MECEは「Mutually Exclusive、Collectively Exhaustive」を略したものであり、日本語では「漏れなく、重複なく」を意味する言葉です。つまり、何かを考える際に必要な要素を網羅しつつも、各要素が重複しないように意識することを表しています。

そして、KPIツリーを作成するときは、このMECEを意識しながら作業を進めることが大切です。必要要素が漏れていたり、KPIが重複していたりすると、適切なKPIツリーを作成することはできず、結果として自社のビジネス成長から遠のいてしまいます。

目的に応じて切り口を変える

KPIツリーを作成する際は、自社の目的に応じて切り口を変えることが重要なポイントです。これにより、KPIツリーの精度を高めることができ、適切なアクション検討に繋がります。

例えば、目指すべきゴールが売上向上なのか、課題解決なのかによって、それらを構成するKPIや改善アクションは変化します。そのため、まずは自社の目的を明確化し、その目的を達成するための最適な切り口を検討した上で、KPIツリーの作成作業に移ってください。

複数部署を巻き込んで進める

KPIツリーは分解する要素の数が多いほど細かい状況把握が可能になり、精度の高いアクション検討に繋がります。そして、あらゆる要素を網羅的に考慮するためには、複数部署を巻き込んでKPIツリーを作成することが大切です。

最終的に目指すべきKGIを決めたら、複数部署に現場の状況や課題などをヒアリングし、一つでも多くの要素をKPIとして設定しましょう。これにより、実情に即した改善アクションを検討可能になり、KPIツリーの効果を最大化することができます。

KPIツリーの具体例

ここまで、KPIツリーについて詳しく解説してきましたが、テキストだけではイメージが湧かないという方も多いと思います。そこで、最後にKPIツリーの具体例を図解を用いて分かりやすく解説します。

KPIツリーの具体例

このKPIツリーでは、「売上」をKGIとして設定しています。そして、売上の構成要素を因数分解して「受注件数」と「受注単価」に分け、これら2つの要素をさらに分解して具体的なKPIを設定しています。
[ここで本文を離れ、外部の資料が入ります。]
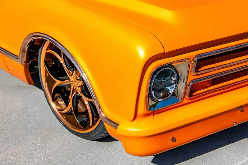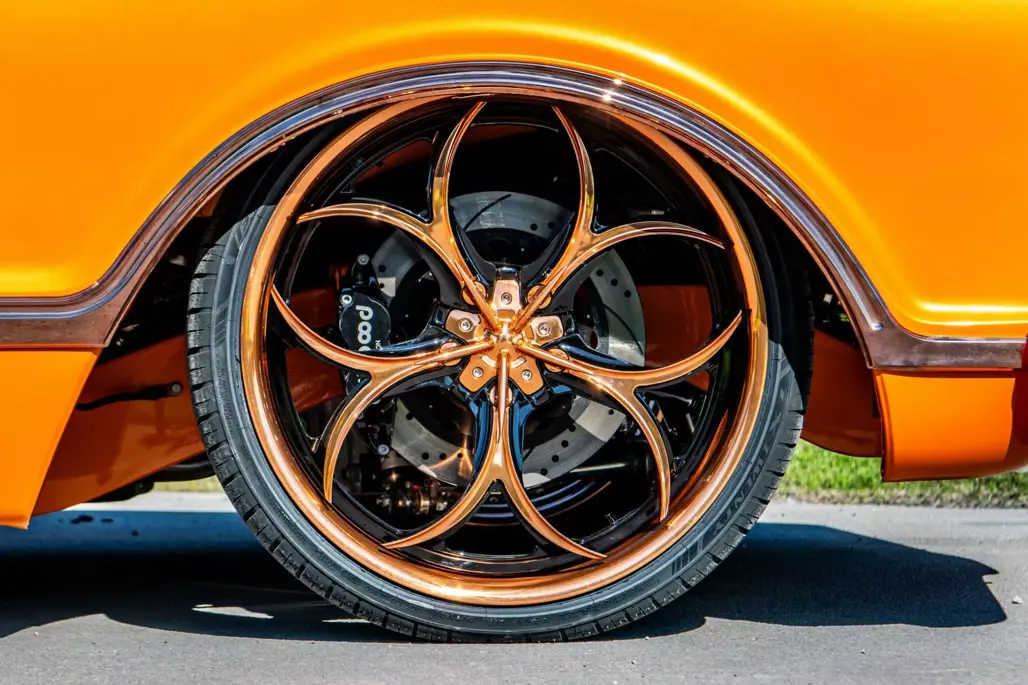 The exterior leans hard into visual theatre. The body is finished in Arancio California, an eye-searing orange borrowed from Lamborghini’s colour book, and paired with 22-inch rose gold and black wheels. Big Wilwood brakes sit behind them, ensuring the stopping power matches the intent.

KGI(売上)の構成要素として書き出した「受注件数」と「受注単価」は、このままでは具体的なアクションに落とし込むことが困難です。そこで、受注件数を「商談件数」と「受注率」に細分化することで、社員が日常業務の中で指標を追いやすくなるため、これらの要素をKPIとして設定しています。なお、状況によってはKPIをさらに細かい要素に因数分解し、社員目線でより身近な目標を設定することも有効な選択肢になります。

このように、KPIツリーを作成する際には、KGIから逆算して構成要素や具体的な目標(KPI)を定めることが大切です。メンバーが具体的なアクションに落とし込みやすいよう、できるだけ身近な(意識的に数字を追いやすい)内容でKPIを設定することで、具体的なアクションに繋がりやすくなり、KPIツリーの効果を最大化できます。

まとめ

本記事では、KGI・KPIなどの言葉の意味やKPIツリーの概要、具体的な作り方まで一挙にご紹介しました。

KPIツリーを作成することで、課題の見える化や社員のモチベーション向上など、様々なメリットを享受できます。自社のビジネスを成長させる上では、KPIツリーが有効な手段になるといえるでしょう。

また、KPIツリーを作成するためには、決められた手順に沿って作業を進める必要があります。自社でKPIツリーを作成する時に備えて、この記事で具体的な作り方や注意点などを理解しておいてください。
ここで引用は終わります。